In my senior year of high school, both of these things changed. A friend had suggested joining a gym, and after overcoming bouts of self-consciousness in the gym, I fell in love with my new active lifestyle. At first, I felt trapped by my lack of knowledge about exercises and was nervous that everyone was staring at my less than perfect form. In those moments, I was suddenly transported back to my ten year old self-showing up to the pool party wondering what people were going to say about how I looked in my bathing suit. This continued until one day I tried to get someone’s attention, and they ignored me. They weren’t rude; they were just absorbed in their routine, breaking away from reality amongst the weights. In other words, they were doing what I should have been doing. After that moment I realized that everyone in the gym was too busy worrying about their form to even look at mine. This was extremely freeing, and soon I began attending yoga and spin classes and lifting weights that previously would have been impossible to pick up.
By finding activities that I loved, I was more likely to do them on a consistent basis which made me both happier and kept me in better shape.
I also became a vegetarian around the same time. While I did not continue to eliminate meat from my diet, I still use a ton of the things I learned from being a vegetarian to keep me healthy. Being a vegetarian forced me to become more conscious of the foods that I was putting in my body. When you have dietary restrictions, you find that it’s necessary to check labels a lot more than you did before you made the change. By doing this, I found that a lot of things that I was eating had several ingredients that I couldn’t identify, or even pronounce. This led me to be more mindful of what I was consuming, which has had an amazingly positive impact on both my physical appearance and my mental wellbeing.
The knowledge that the foods I’m eating are predominantly good for me and my increased activity level gave me a confidence I hadn’t had before. Now, if I decide to eat something that’s bad for me, I don’t care who sees.

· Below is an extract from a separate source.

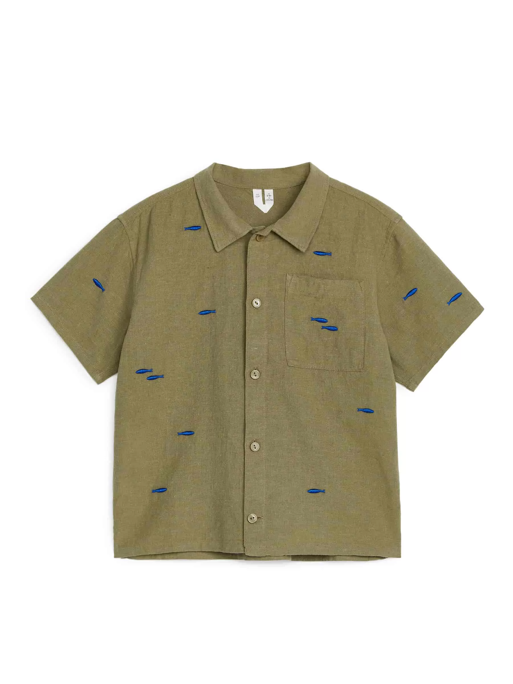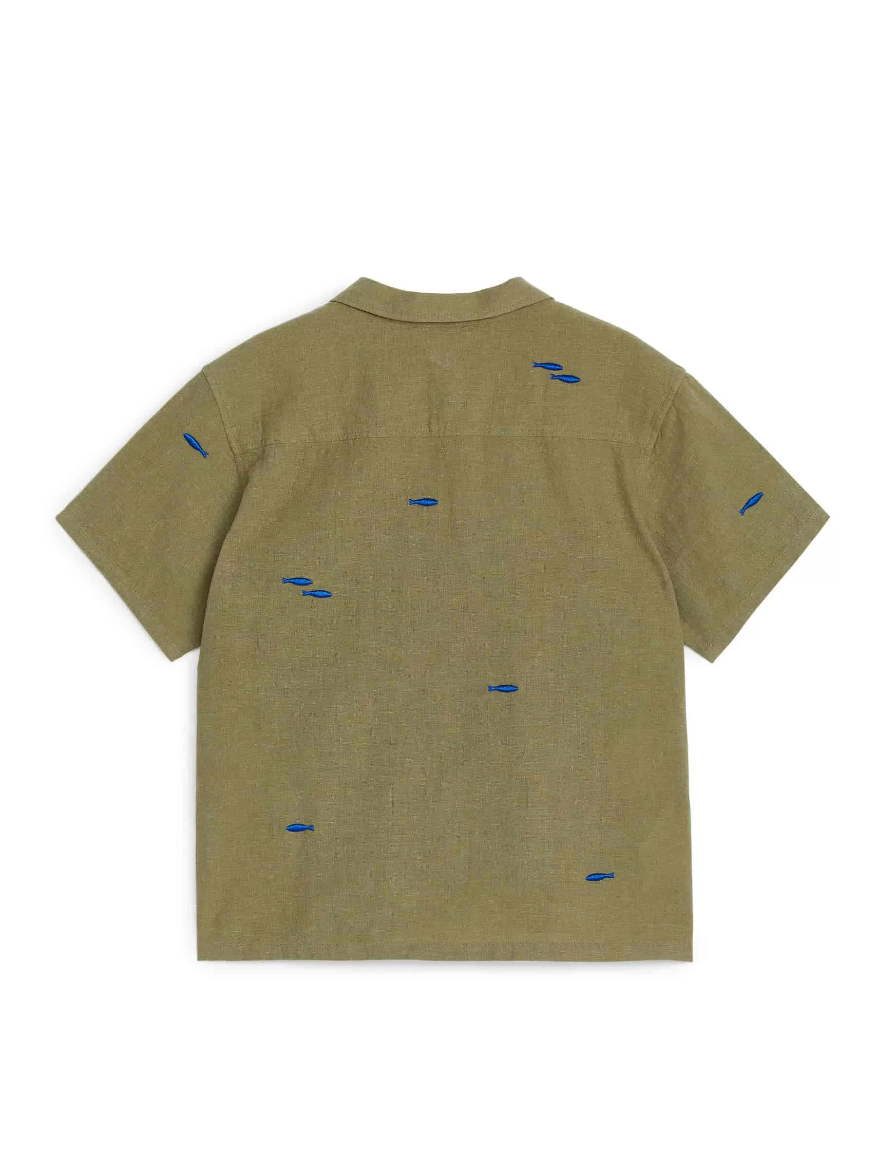 ARKE Children Embroidered Linen-Cotton Shirt Khaki Green

Since that moment in 5th grade, I’ve had a ton of other conversations that have made me question how I feel about myself. As I’ve come to realize, when someone says something that leaves me feeling insulted, it is usually because they have commented on something that I was already insecure about. Seemingly harmless questions such as asking about what I intend on doing with my college degree in English or a comment about something I’m eating can leave me feeling defensive and questioning of something that I am usually confident in.
When someone says something that leaves you feeling insecure, there are a few options as to what to do next. You can feel upset, or you can think about why their words had such an impact.
When this happens to me, I’ll sit down and think about what exactly was said that upset me. Was it because I was already insecure about the topic? If so, I think of ways that I can improve that exact insecurity. Many of my insecurities come from not feeling good enough at something, so I’ve found that working at what I’m not good at not only leaves me feeling accomplished but less insecure about the situation.
If you’re unable to fix the cause of the insecurity itself, think about what other strengths you have that make you feel confident. Maybe you’re really good at making people feel better when they’re upset, or you can cook a great meal from scratch. Not everyone can be perfect, so thinking about the things you’re great at can make you feel better about things you haven’t mastered just yet.
For me, lifting weights and working out has enabled me to work on something that I was never good at.
By working at getting stronger each day, I have provided myself with an outlet to work on my insecurities and leave myself a little more confident every time I leave the gym.
After years of dealing with these feelings, I’ve realized one thing: that only I can control what makes me feel insecure.
Through this realization, I have been able to take the steps necessary to take control of these feelings instead of continuing to allow them to define me.